Dort gebe es eine Razzia. Wie das Magazin „Focus“ berichtet, habe die Staatsanwaltschaft Osnabrück den Medienbericht bestätigt. Hintergrund des Einsatzes sollen Indizien sein, dass eine Spezialeinheit des Zolls dabei geholfen haben soll, Hinweise auf Geldwäsche zu vertuschen.

Laut Spiegel geht es dabei um Führungskräfte innerhalb der Einheit „Financial Intelligence Unit“ (FIU). Diese ist spezialisiert auf den Kampf gegen Geldwäsche. Von Banken bekommt diese Einheit regelmäßig sogenannte „Geldwäscheverdachtsmeldungen“. Mehrere dieser Meldungen sollen aber nicht ordnungsgemäß an die Strafverfolgungsbehörden weitergegeben worden sein. Es handele sich dabei um Summen in Millionenhöhe.
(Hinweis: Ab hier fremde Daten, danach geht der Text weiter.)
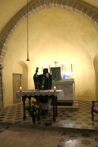La doxologie clôt la Liturgie Eucharistique. Le chœur en cul de four n’est éclairé que par un petit vitrail bleu qui est à peine visible, caché par le tabernacle.
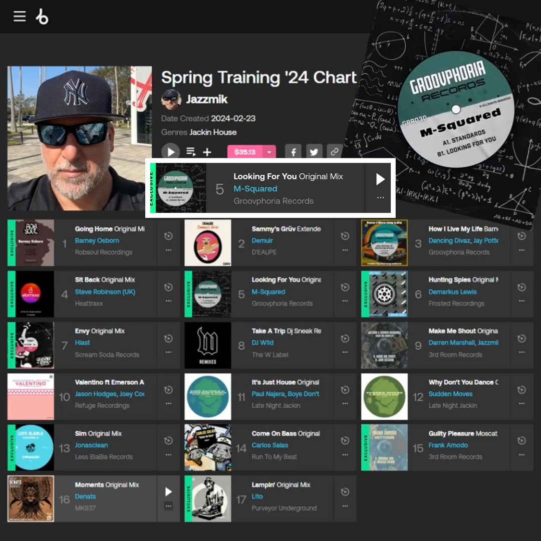 Salute Jazzmik for chart support of my upcoming release ‘Looking For You’ on Groovphoria Records out March 1st on Beatport! Thank you! Check out Jazzmik’s Beatport Chart here: https://www.beatport.com/chart/spring-training-24-chart/806034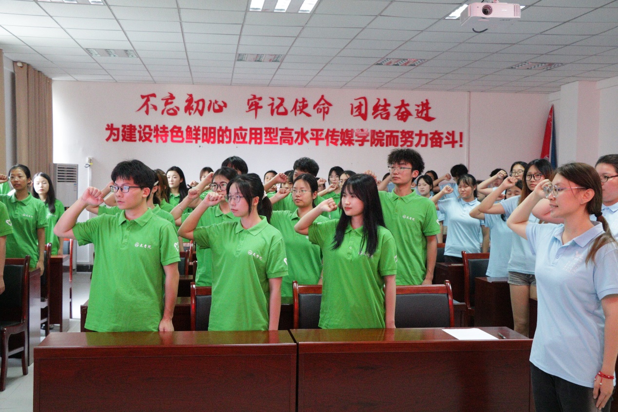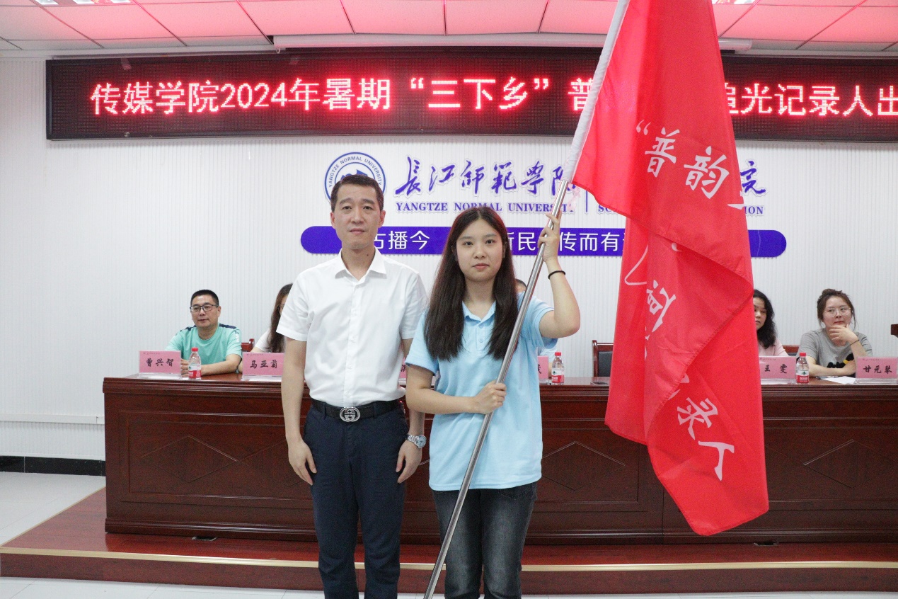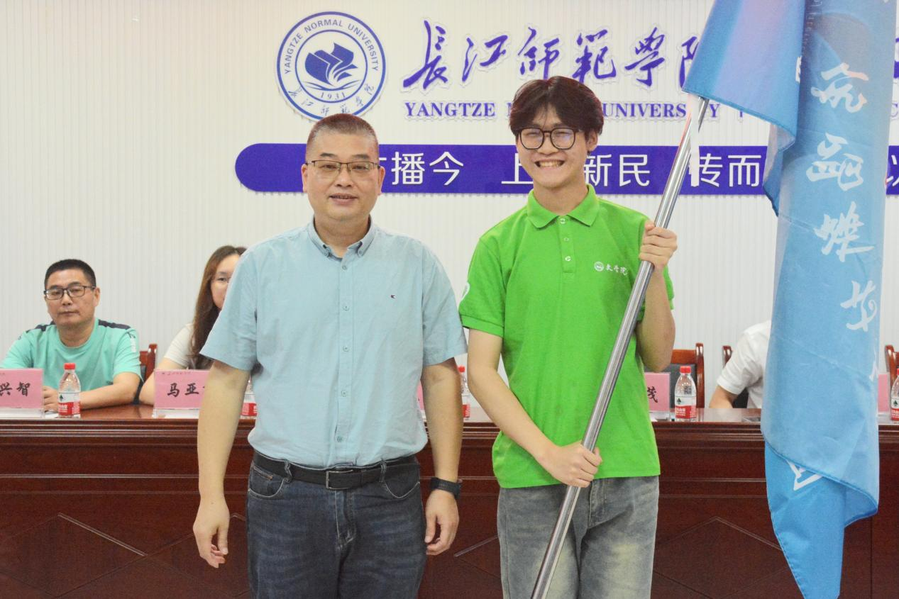 紧接着,授旗仪式及志愿者集体宣誓相继开展。会上,谢书记与杨书记分别为文学院白鹤青年中华文化传承团和海角论坛 普韵乡兴追光记录人完成授旗。学生志愿者代表陈溪带领志愿者们集体宣誓,宣誓声铿锵有力,相信志愿者们将在实践中坚定不怕苦不怕累的信念,增长自己的本领,为“三下乡”活动贡献自己的力量。

Schon seit letztem Jahr gehen Ermittler einem Verdacht auf Strafvereitelung im Amt innerhalb der FIU nach.

Die Durchsuchungen begründete die Behörde so: „Eine Auswertung von Unterlagen, die bei vorangegangenen Durchsuchungen der FIU (Teil der Bundeszollverwaltung) gesichert worden waren, hatte ergeben, dass es zwischen der FIU und den nun durchsuchten Ministerien umfangreiche Kommunikation gab.“ Die Analyse der beschlagnahmten Dokumente und Unterlagen werde einige Wochen in Anspruch nehmen.